De plus, selon M. Lalloum, si les institutions ne considèrent pas l’approche volontaire appliquée jusqu’à présent suffisante pour regagner la confiance des citoyens, alors l’EPACA privilégiera l’enregistrement obligatoire. Même si un tel système est « strict », il  estime qu’il serait meilleur « pour regrouper tout le monde » et garantir « un terrain d’égalité ».

Dans le cadre d’un système obligatoire, « les personnes de l’EPACA n’évolueront plus à découvert, alors que les autres progressent cachés », a-t-il déclaré.

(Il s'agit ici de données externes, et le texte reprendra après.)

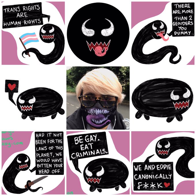 #faceyourart challenge, except it’s just me and lots of Venom noodles that I’ve drawn (feat. face mask by @owlapin)

De plus, l’inscription au registre doit devenir obligatoire si les institutions souhaitent qu’il contienne des informations financières. « Un système volontaire demandant la révélation d’informations financières déformera obligatoirement le marché », a averti M. Lalloum.

M. Lalloum a également indiqué que les membres devaient être incités à s’inscrire dans un registre demandant la révélation d’informations financières, par exemple, en recevant un badge permettant l’accès au Parlement européen. Autrement, « il est évident que (…) on nous demande quelque chose d’impossible (…) sans aucun avantage.

Concernant l’exemption des cabinets d’avocats de révéler l’identité de leurs clients dans le registre, M. Lalloum a déclaré qu’un pied d’égalité était « essentiel », étant donné que les « cabinets d’avocats sont des concurrents des cabinets de conseil en affaires publiques dans le domaine de la représentation d’intérêts ».

Il a rejeté les allégations selon lesquelles les membres de l’EPACA pourraient eux-mêmes tenter de changer de catégorie pour devenir des cabinets d’avocats et éviter ainsi de révéler leurs sources de revenus. M. Lalloum a en revanche averti que « les avocats, affirmant que les règles ne devraient pas leur être applicables tant qu’ils sont impliqués dans des affaires de concurrence, conservent une grande marge de manœuvre et la possibilité de dissimuler leur activité ».

Enfin, concernant  une campagne organisée par un groupe d’ONG pour identifier les « pires lobbyistes » de Bruxelles, M. Lalloum a déclaré qu’il était difficile pour lui de convaincre ses clients qu’être nominé n’était pas une bonne chose. « J’espère que nous allons gagner », a-t-il commenté.